Somehow when I started this I really believed this post would be happy and progressive and wonderful to read and write. Alas, I fear it is a bit more self serving in the end. More navel gazing and organizing my thoughts than sharing helpful or fun information. So, things I will do because my heart know’s what it wants:
- I will sew more knits, likely dresses and leggings.
- I will sew my son more clothes, likely Ottobre patterns because they never fail me.
- I will sew my husband some more jeans and shirts from Thread Theory, because they are simply the best.
- I will shop my stash. I am broke, and not a dunce, and I do like most of my fabrics.
Then we must address the things I have been avoiding (for a couple of years):
- Woven dresses, skirts, shirts anything woven for myself. UGH. This connects to body image issues, fit issues, the challenge of fitting yourself alone in the night in your sewing studio with sharps in your mouth and hands and poking your tender flesh and you struggle to pin, fit, take of garment, pin fit and repeat. Ouchie.
- My Ziggi motorcycle jacket. It’s been in a muslin stage for almost a year now.
- Jeans for myself. I must admit I am getting closer to this one. I started sewing jeans first for my son, then my husband. I have the potential and hopes and desire to make myself a pair of jeans this year. I have a pair of Colette Clovers in muslin stage, and the Thurlow Pants pattern from Sewaholic. I have a McCalls pair of loose mid calf length trousers partially traced and cut, too, for biking, that I am sure is at least three years old in the making. The guilt!
To keep these two parts of me aligned, working together, in good company I must make them agree. What the heart wants, what the brain knows.

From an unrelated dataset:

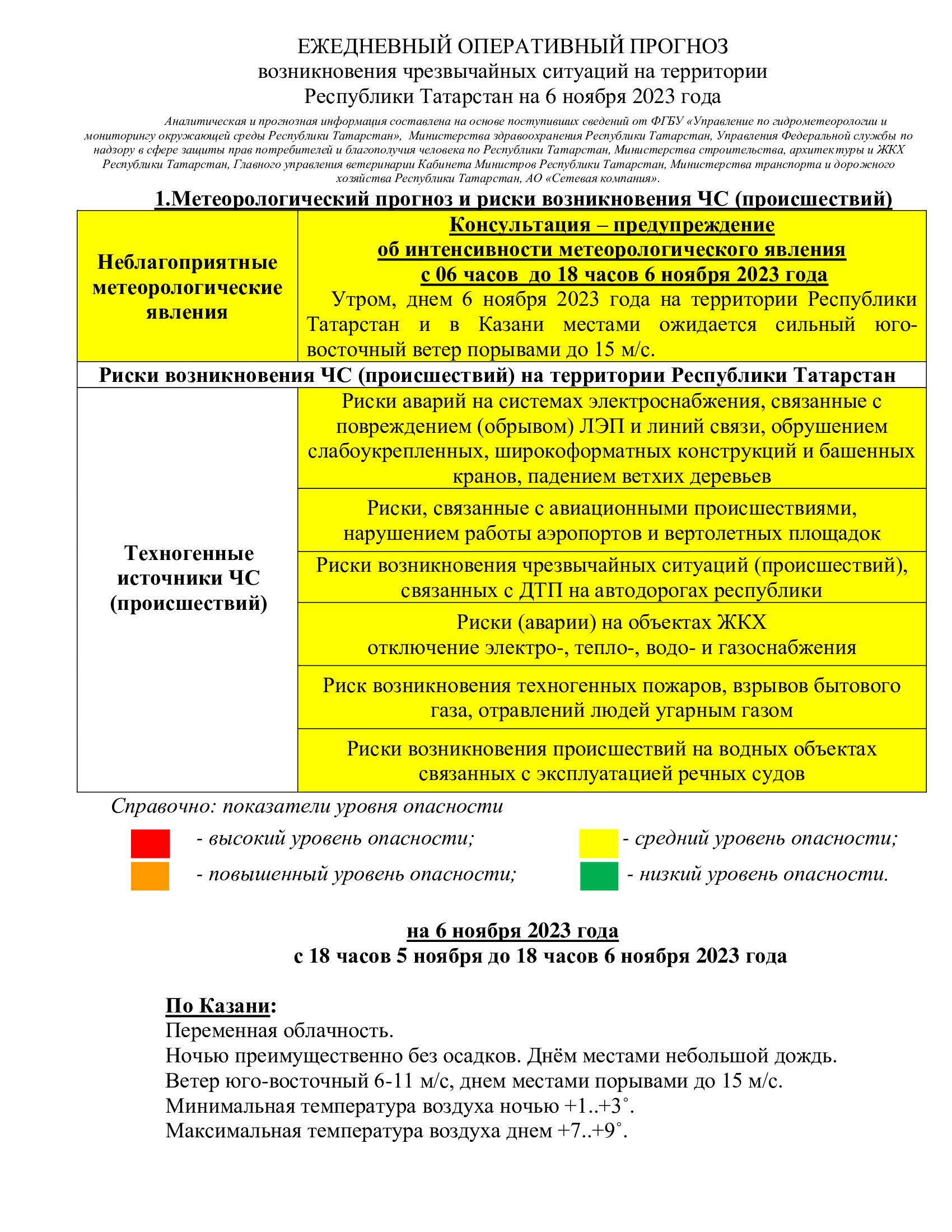КӨНДӘЛЕК ОПЕРАТИВ ФАРАЗ территориядә гадәттән тыш хәлләр килеп чыгуы 2023 елның 6 ноябренә Татарстан Республикасы

And, first and foremost, I am rearranging my sewing room. My poor kid doesn’t get a bedroom because I took it for my sewing studio. It’s cramped. It’s tiny. It’s cramped and tiny. I like clean spaces. I am on the hunt for the perfect, long and skinny, very sturdy sewing table. Not a work table, a short heavy desk to line up my serger and coverstitch and sewing machines on. I am tempted to make one, so if you have a good DIY project for sewing desks let me know! I would love help! And all year (16 days!) I have been daydreaming about fun quilting cottons. All the wonderful patterns and lux colors. So gorgeous, so fun. And just impossible to wear. I just can’t wear quilting cottons. I wish better fashion fabric companies would hire better designers. Especially now, when fun animals and child-imaginative prints are so in fashion! So what will you do this new year? How to you recompense your dreams and your abilities?
Best of luck in 2015 for your own resolutions. I hope we all have the endurance to accomplish our dreams!